During the George W. Bush presidency, Mande worked as a vice president for Health Dialog from 2000 to 2002 before entering academia, where he started out as director of policy programs at the Yale School of Medicine. He was a lecturer and clinical professor in public health and food policy and capped his Yale career in 2009 as associate director for public policy at the Yale Cancer Center. During the Barack Obama presidency, he returned to government, serving as Acting Under Secretary for Food Safety (2009–2010), Deputy Under Secretary for Food Safety (2009–2011), and Senior Advisor for Food Nutritiion, and Consumer Services (2011–2017). As senior advisor, he spent six years working to improve health outcomes of the Supplemental Nutrition Assistance Program, National School Lunch Program, WIC, and other programs.

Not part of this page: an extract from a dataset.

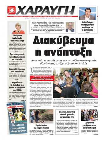 Η «Χαραυγή» υπό τον τίτλο «Διακύβευμα η ανάπτυξη» γράφει στο κύριο της θέμα ότι ο υποψήφιος Πρόεδρος της Δημοκρατίας Σταύρος Μαλάς, ανέφερε σε προεκλογική συγκέντρωση ότι το μεγαλύτερο διακύβευμα είναι η ανάπτυξης, που δεν έρχεται μέσω περικοπών, αλλά με την προσέλκυση και εισροή επενδύσεων από το εξωτερικό που θα συμβάλουν στην ανάνηψη της αγοράς. Αλλού αναφέρει ότι ο Πρόεδρος Χριστόφιας τίμησε τον πατέρα Αιμιλιανό στο Κελλάκι και έστειλε μηνύματα για το ρόλο της Εκκλησίας και της πολιτικής. Σε άλλο της θέμα η εφημερίδα γράφει από το 2008 μέχρι σήμερα η Κυβέρνηση κατάφερε να μειώσει σχεδόν κατά εφτά ποσοστιαίες μονάδες το ποσοστό των συνταξιούχων που ζούσαν κάτω από το όριο της φτώχειας, όπως ανέφερε Υπ. Εργασίας διαμηνύοντας ότι η Κυβέρνηση δεν θα δεχθεί ισοπεδωτικά μέτρα.
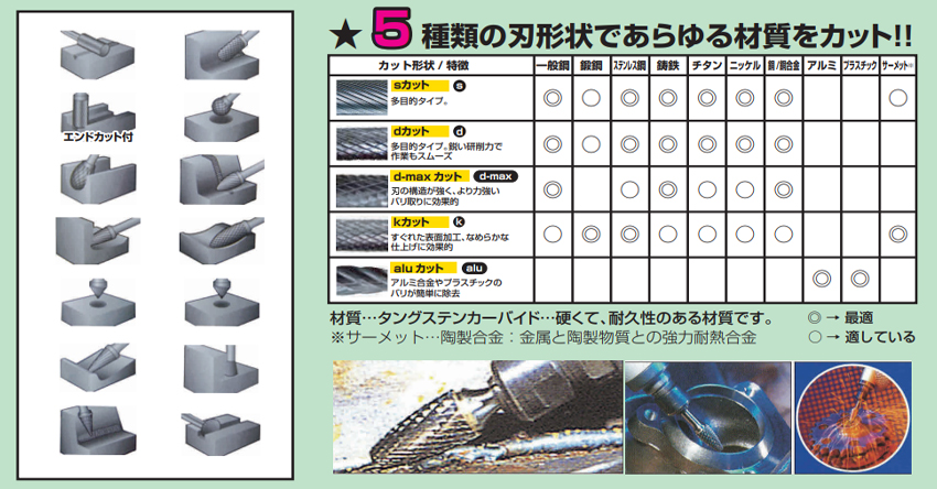 | 適合材質:ステンレス鋼、鍛鋼、サーメット、一般鋼、鋳鉄、ニッケル、銅、銅合金、チタン | |||

Mande returned to academia as professor of practice at Tufts University from 2017 to 2020. He led the 50th Anniversary of the White House Conference on Food, Nutrition, and Health. In 2020, he became a senior advisor to the president of the Center for Science in the Public Interest. He is a non-resident senior fellow at Tufts University's Jonathan M. Tisch College of Civic Life and an adjunct professor of nutrition at Harvard University's T.H. Chan School of Public Health.

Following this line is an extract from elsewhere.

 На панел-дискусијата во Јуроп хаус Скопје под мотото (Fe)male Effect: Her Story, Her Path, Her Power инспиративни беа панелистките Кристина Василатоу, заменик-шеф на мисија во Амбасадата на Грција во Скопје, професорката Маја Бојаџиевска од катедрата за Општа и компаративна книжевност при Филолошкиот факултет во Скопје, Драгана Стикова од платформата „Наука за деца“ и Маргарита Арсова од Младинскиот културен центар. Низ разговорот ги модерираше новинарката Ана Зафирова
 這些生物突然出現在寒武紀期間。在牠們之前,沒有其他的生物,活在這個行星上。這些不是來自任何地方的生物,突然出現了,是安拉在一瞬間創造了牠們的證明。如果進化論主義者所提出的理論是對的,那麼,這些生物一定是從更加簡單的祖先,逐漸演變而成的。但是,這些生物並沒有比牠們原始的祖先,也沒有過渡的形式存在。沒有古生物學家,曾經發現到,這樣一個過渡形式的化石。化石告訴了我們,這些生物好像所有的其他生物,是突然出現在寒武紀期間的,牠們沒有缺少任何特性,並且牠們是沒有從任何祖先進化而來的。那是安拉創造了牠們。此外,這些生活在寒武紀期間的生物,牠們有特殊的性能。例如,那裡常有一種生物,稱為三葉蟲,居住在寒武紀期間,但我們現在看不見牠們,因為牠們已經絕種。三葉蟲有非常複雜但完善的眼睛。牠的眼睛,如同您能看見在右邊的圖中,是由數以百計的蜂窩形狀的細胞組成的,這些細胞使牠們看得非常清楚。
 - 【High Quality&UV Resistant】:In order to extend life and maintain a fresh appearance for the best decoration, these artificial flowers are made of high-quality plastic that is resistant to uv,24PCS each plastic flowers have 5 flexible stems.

In 2022, Mande launched Nourish Science with Jerome Adams, Bill Frist, and Thomas Grumbly to ensure every child reaches age 18 at a healthy weight and in good metabolic health by increasing federal support for nutrition research, rejuvenating FDA food regulation, and modernizing SNAP to improve food security and diet quality.

Mande received the University of Connecticut Alumni Association's Distinguished Alumni Award in 2011. and gave the UConn College of Agriculture, Health, & Natural Resources commencement address in 2010 and 2024.